После выхода на пенсию шахтер решил оставить себе на память о месте работы канарейку. Старый ебучий кенарь уже не раз ловил в шахте газы и терял сознание, и только чудом его откачивали назад. Каждый раз птица возвращалась к жизни со слезами на глазах и захлебывалась приступами кашля. Она смотрела на людей, вернувших ее с того света, и слабым дрожащим голосом, который то и дело перемежался кашлем, спрашивала:

- За что мне это? Почему я не могу просто умереть?
- Ты должна спасать людей, - отвечали ей шахтеры.
- Но я не давала клятву Гиппократа! - рыдая отвечала канарейка.

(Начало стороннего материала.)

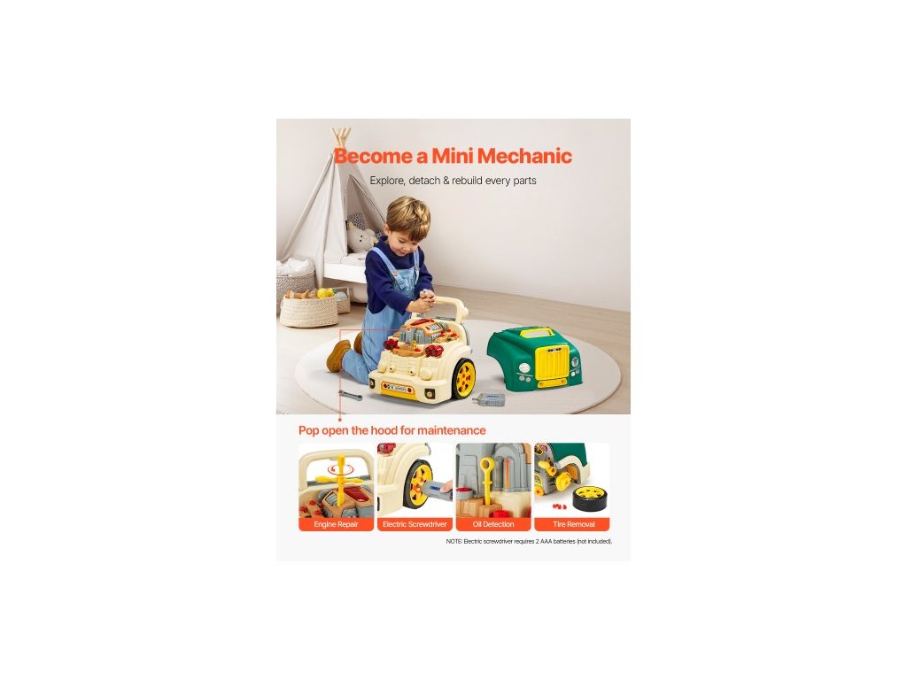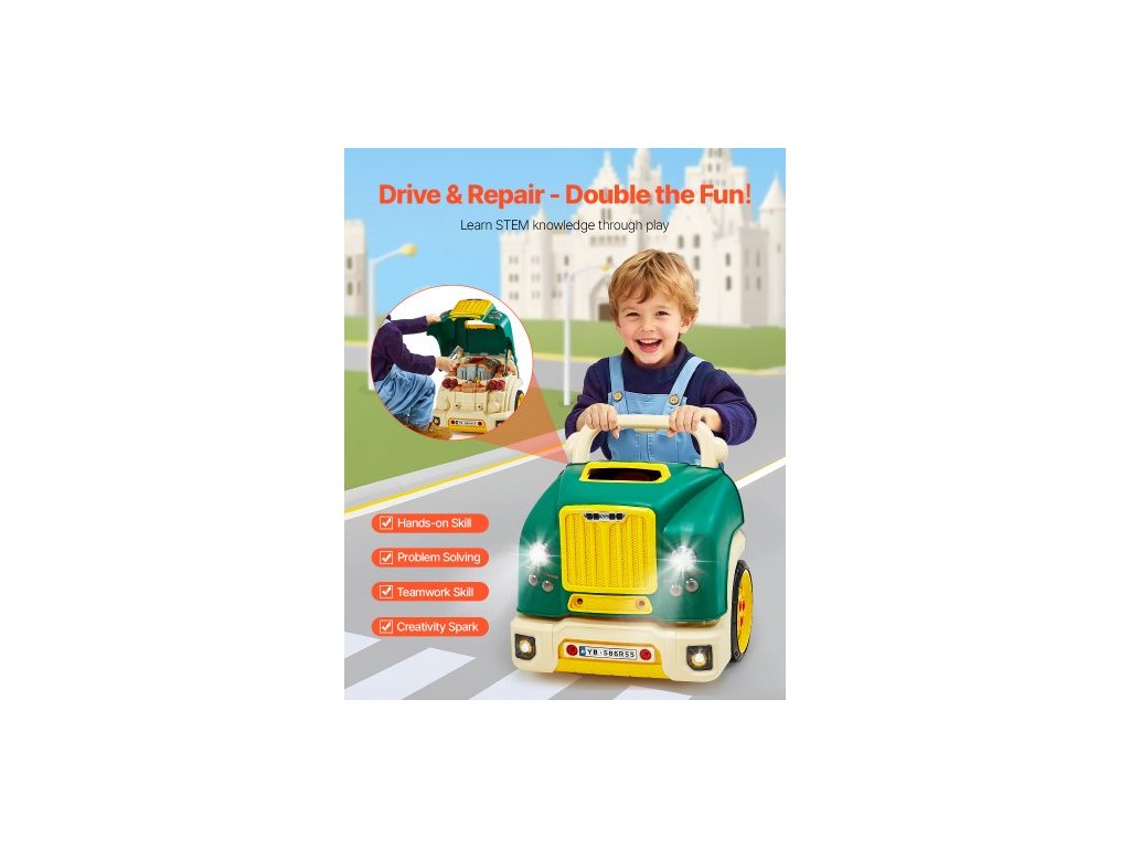 Hračka s motorem, 60 dílků, Dětská sada na opravu auta s odnímatelnými díly, světly a zvuky, volantem a klaksonem, Dětská sada na opravu mechaniků pro batolata od 3 let, zelenáObjevte zábavu s opravou motoru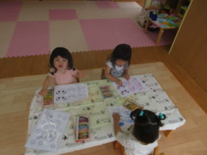 ひまわり組さんはお絵かきをしました。動物の所に色が塗れていて上手でした。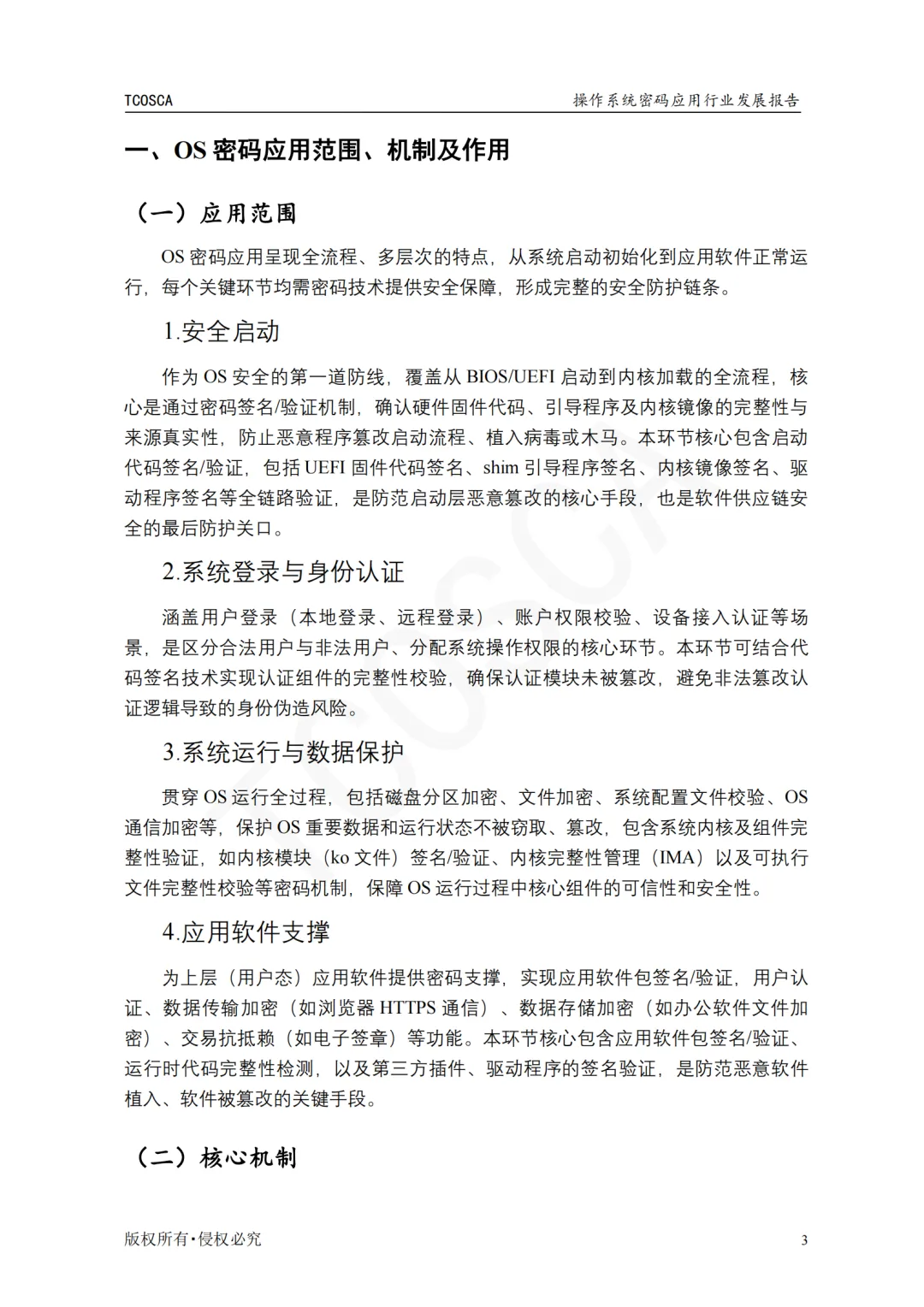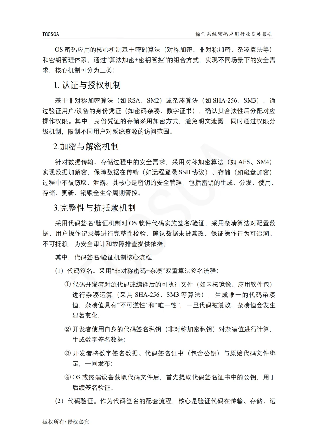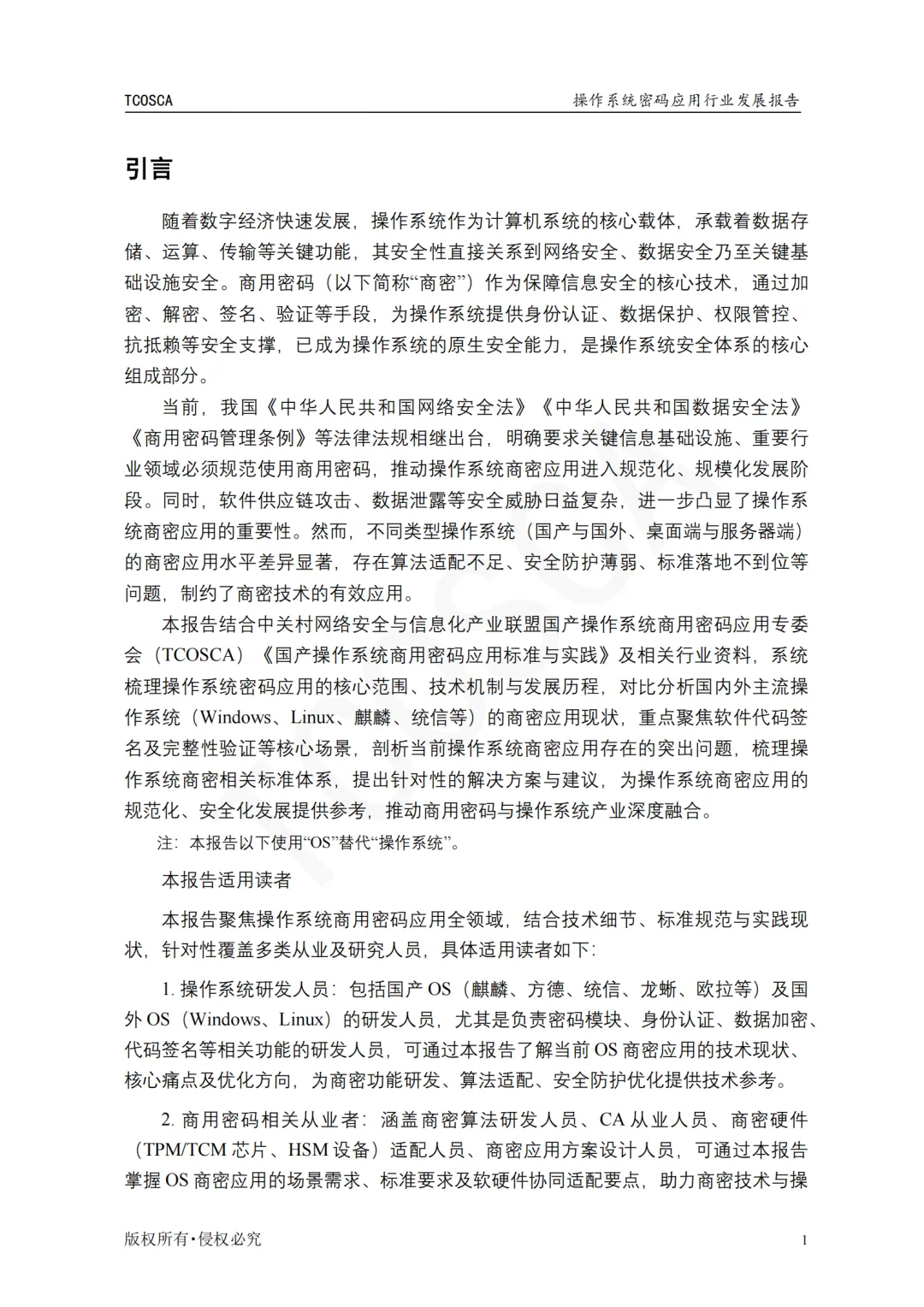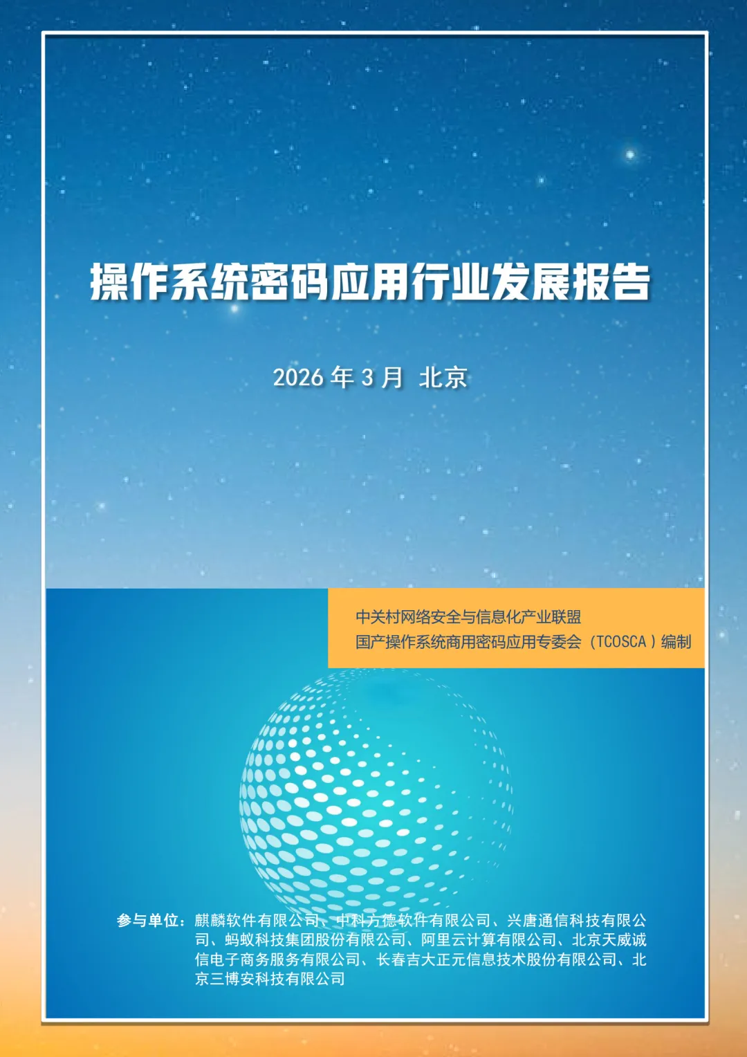 2026 年 3 月,中关村网络安全与信息化产业联盟及国产操作系统商用密码应用专委会(TCOSCA)发布《2026 操作系统密码应用行业发展报告》,全面梳理操作系统商用密码应用全景,剖析国内外系统差异、行业痛点并给出落地路径。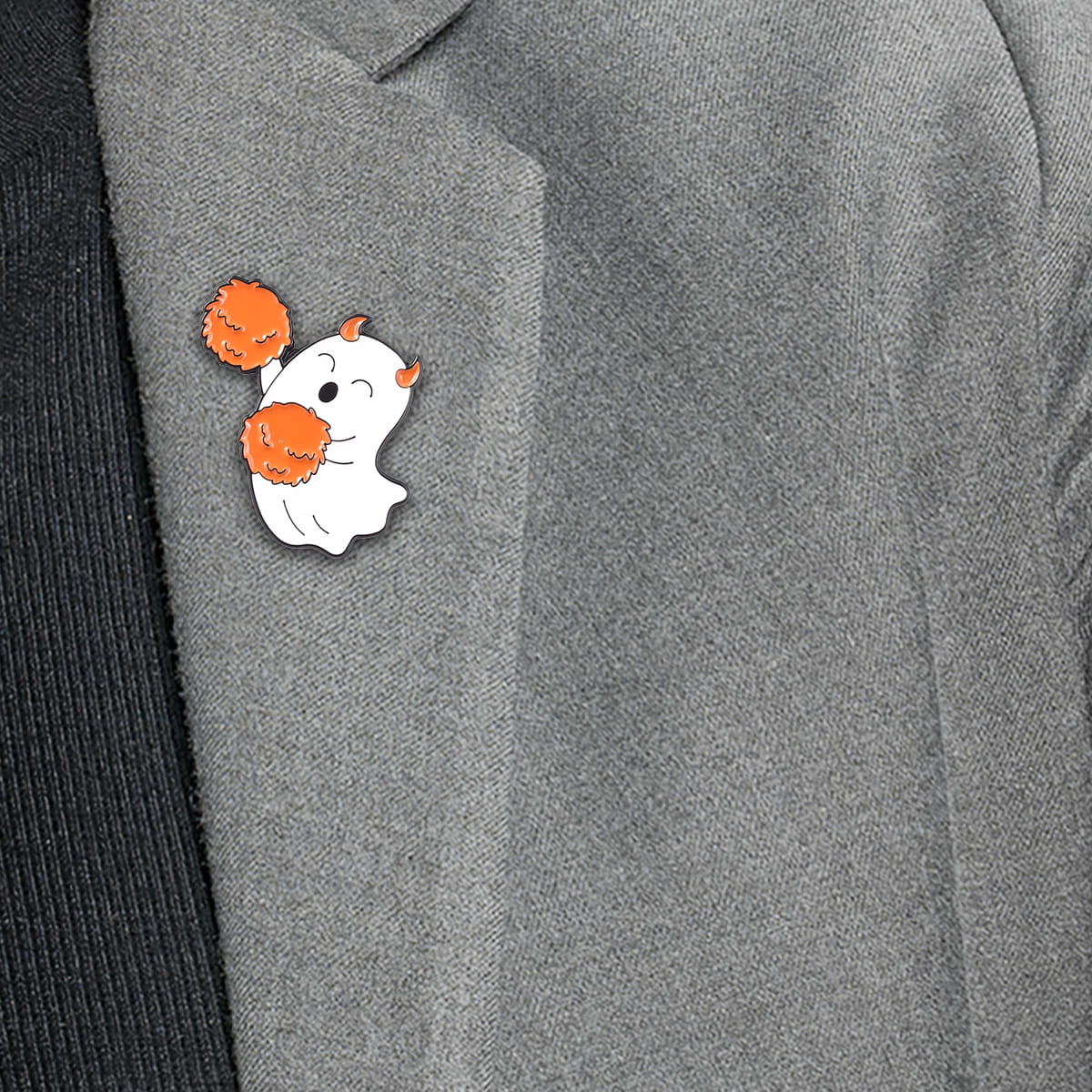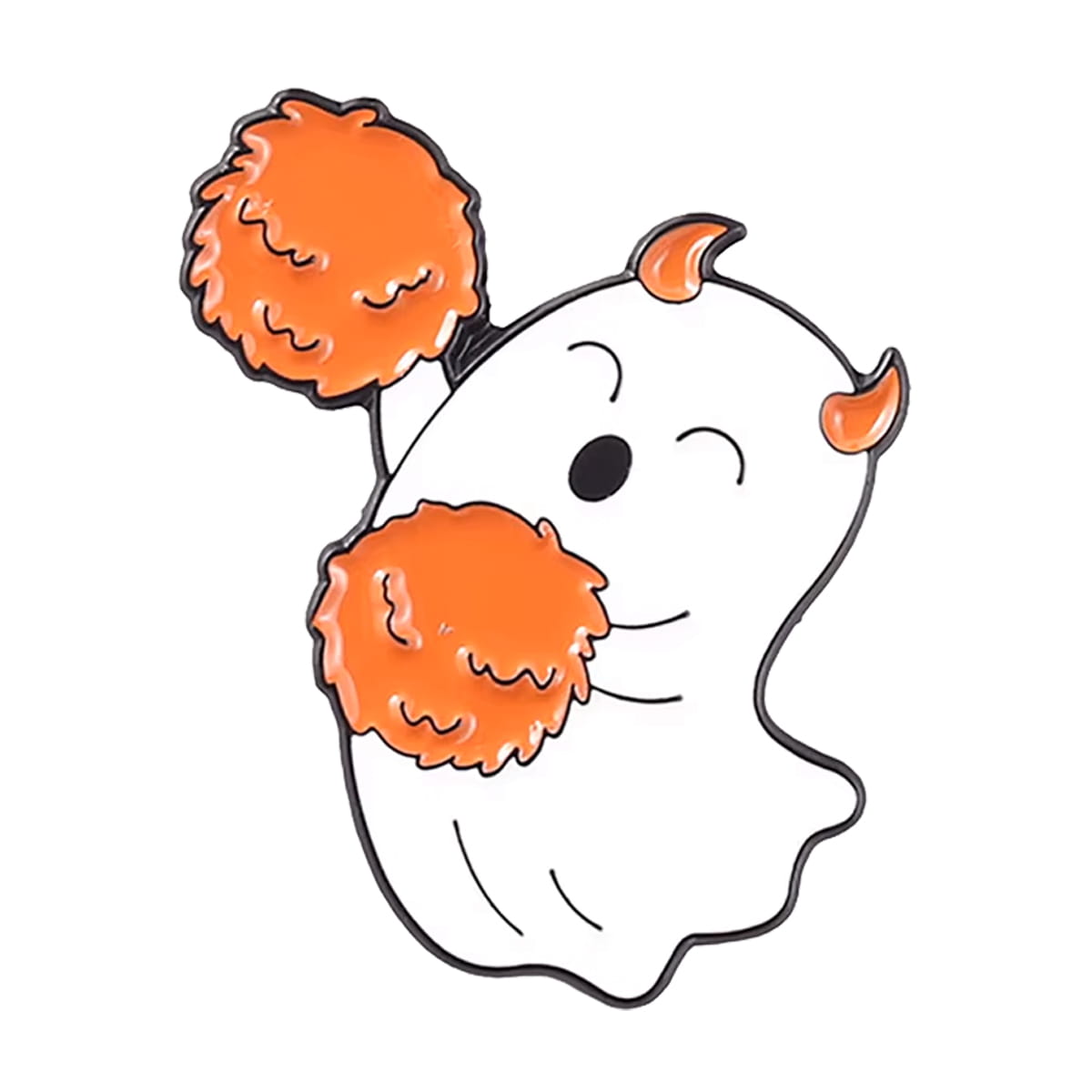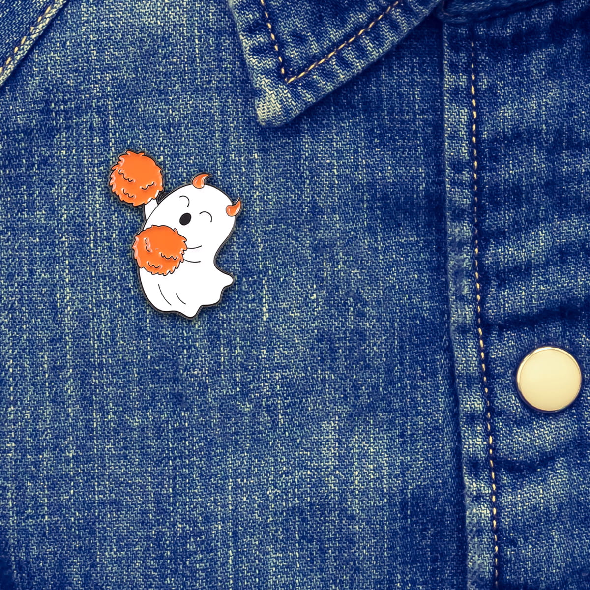 Metalowa przypinka, idealna do dekoracji ubrania, plecaka, czy też torby. Prezentuje ona zabawnego duszka z pomarańczowymi rogami i pomponami. Doskonała na Halloween lub dla osób lubiących czarny humor i klimaty paranormalne. Zakończona gumową nakładką na 'pin', która świetnie mocuje przypinkę do garderoby, dobrze przylegając do materiału.

Но в тот день все было иначе. Канарейка рыдала, но рыдала от счастья, когда старый шахтер впервые за долгие годы вынес ее клетку на свет божий. Но радость ее была недолгой - шахтер решил повесить клетку у себя в деревянном сортире. После жизни проведенной под землей шахтер панически боялся скопления метана, какой бы ни была природа его происхождения. Все было настолько запущено, что даже посещение туалета по большой нужде заставляло его поволоноваться. Шахтер боялся задохнуться от собственных газов, боялся забывшись закурить и тем самым вызвать взрыв.

Так что теперь канарейка хрипела каждый день, а в дни когда желудок хозяина давал осечку - и по нескольку раз. Ведь сфинктер шахтера осечек не давал никогда. И всякий раз были слышны проклятия и ругань задыхающейся канарейки. А шахтер только улыбался - жива, значит выручит. И правда, иногда канарейка от нестерпимой вони таки теряла сознание, и шахтер со спущенными штанами и грязной жопой хватал клетку и пулей выскакивал из сортира. Там он откачивал канарейку, и та с со слезами на глазах задавала все тот же вопрос:

- За что мне это, господи за что?
- Если ты не будешь спасать людей, то кто будет?
- Я не давала клятву Гиппократа! - срывалась на визг канарейка, но клетку с ней снова вешали в сортир.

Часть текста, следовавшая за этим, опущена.